The W790 boards I’ve just checked through that I can actually buy all have eight DIMMs per socket, so Xeon W-3400s run 1SPC. Some the boards run W-2400s 2DPC, with others half the DIMM sockets go unavailable. Practically speaking, Zen 4 Threadripper’s thus mostly better. Channel counts are the same more often than not and DDR5-5200’s supported. Could be AMD, ASRock, and Gigabyte decided the niche of customers who’d run 7960-70-80-90X 2DPC at 3600 instead of buying W-2400 or Threadripper Pro was too small to support (not sure about Asus here).

Other than the X13S you’ve shown, the 16 DIMM LGA4677 boards I’m seeing are positioned as server parts. Might be AMD just decided to leave that combination for EPYC and simplify DDR5 Threadripper to 1SPC.

Right. I’m not saying you can’t get high clocks with 2DPC. I’m saying that this gets much more difficult with more slots. Obviously on dual Ryzen (I assume you mean consumer Ryzen) you can get do this without much issue (I assume hitting DDR5-3600MHz/7200MTs is fairly simple, I don’t really keep up with the consumer platforms).
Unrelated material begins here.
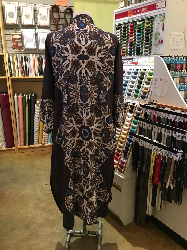 I had a fantastic fabric—a rayon border print. It nearly blew my mind trying to piece it together so that the print matched up and the detail went down the center back, but I managed to do a decent job. I lengthened the pattern to below my knees, extended the side slits to be mid thigh, and added two belt loops for a tie. It turned out to be exactly what I was wanting—a classic, kimono-style robe.

Unless I’m completely misunderstanding your statement, this is expected for systems with 4 DIMM slots.

On my EPYC 9004 board at least (Gigabyte MZ33-AR0) which has 24 DIMM slots, you give up a lot of performance going from 1DPC (DDR5-4800) to 2DPC (DDR5-3600). You even give up speed going from 1R to 2R memory at 1DPC.

I’ll also point out that on my board layout, the DIMM slots really cause issues with the PCIe slots (basically you’ll need risers to put in anything full length).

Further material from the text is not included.